The concept of violence is regularly used in our discourses around political struggles, but often without being questioned ethically and politically. In this text, Verónica Gago takes on the term by describing how feminist movements in “Améfrica Ladina” have engaged new forces in understanding the patriarchal, extractivist, and exploitative violence they are facing, and how to organize against it.

Cid Gago Funambulist 1
The eighth Ni Una Menos mobilization in the square of the National Congress in Buenos Aires on June 3, 2023. / Photo by Analía Cid (Buenos Aires based photographer and feminist activist).

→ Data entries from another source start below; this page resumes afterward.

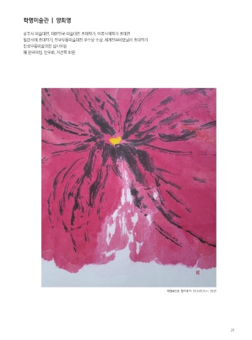 학명미술관 ㅣ 양희영 광주시 미술대전, 대한민국 미술대전 초대작가, 여류서예작가 초대전 월간서예 초대작가, 전국무등미술대전 우수상 수상, 세계전북비엔날레 초대작가 전국무등미술대전 심사위원 現 한국미협, 연우회, 지선묵 회원 자연속으로 한지에 먹 53.5x59.5cm 2025 23
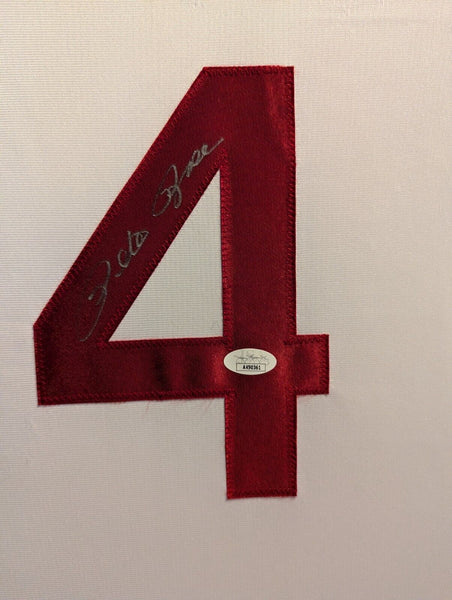 FRAMED CINCINNATI REDS ROSE AUTOGRAPHED SIGNED STAT JERSEY JSA COA
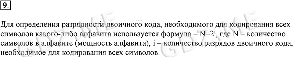 Подробный вариант решения из решебника (ГДЗ): Задание номер 9 (§1.5. Двоичное кодирование. Cтраницы 37-44) по предмету Информатика, за 7 класс, авторы учебника Босова.
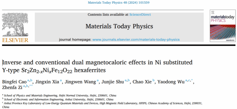 近日,allwincity万象城官方网站与安徽大学联合培养的硕士研究生曹冰菲同学与万象城官网本科生组成的学生科研团队,针对Y型六角铁氧体的磁热效应与磁制冷性能开展研究并取得重大进展,相关成果发表在《Materials Today Physics》(中科院一区,IF = 10.0),论文题目为“Inverse and conventional dual magnetocaloric effects in Ni substituted Y-type Sr2Zn2-xNixFe12O22 hexaferrites”。曹冰菲同学为本论文的第一作者,allwincity万象城官方网站新能源材料与器件专业的吴耀东、訾振发老师为本论文的共同通讯作者,allwincity万象城官方网站为唯一通讯单位。
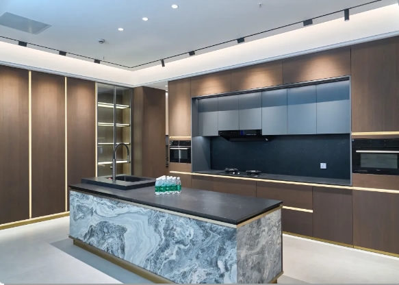 開(kāi)放式廚房區(qū)融合金屬、奢石與木皮元素
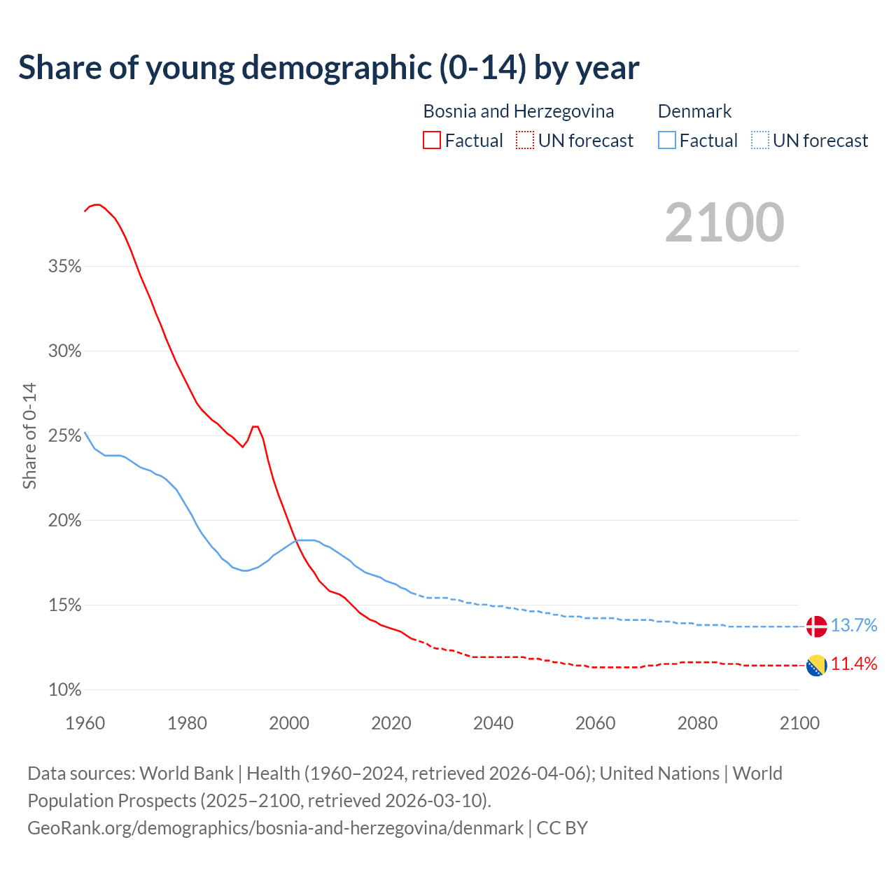 - The share of young demographic (0-15 years old) in Bosnia and Herzegovina is 13% vs 15.7% in Denmark.
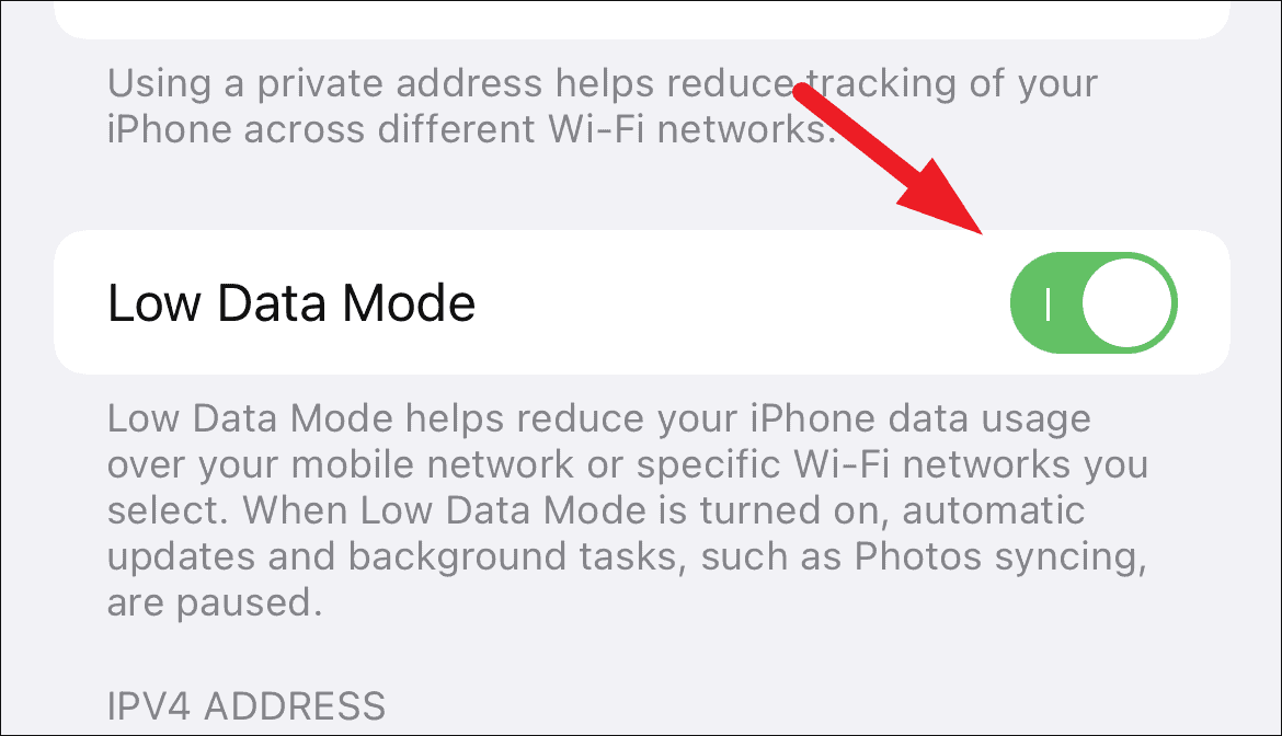 In that case, it makes sense to turn on the ‘Low Data Mode’ for that specific Wi-Fi connection to avoid any unnecessary usage of the cellular data which can eat up your precious quota.

The Ni Una Menos (Not One Woman Less) movement emerged in response to the multiple and specific forms of violence faced by women, lesbians, trans, travestis, and non-binary people. By occupying the streets at a mass scale, in Argentina and in Abya Yala more broadly, the question of violence has escaped from its enclosure under the concept of “domestic violence” and the modes of its domestication through the responses attempted by institutions, NGOs, and philanthropic and paternalistic forms of management.

The strikes launched in Poland and Argentina in 2016 were tied to mobilizations that had only recently started, such as Ni Una Menos, which had begun in 2015, and gave them a greater push.

The strike, reinvented by the feminist movement, produced a constellation in terms of praxis against violence: you can strike against femicides and, at the same time, against the looting of land and resources from territories, against heteropatriarchal hierarchies, and against precarious labor.

In this way, it challenged neoliberalism in the household and on the streets. This was how, in many countries, the feminist strike expanded, diversified and adapted to the needs of stopping and sabotaging different realities of oppression and exploitation.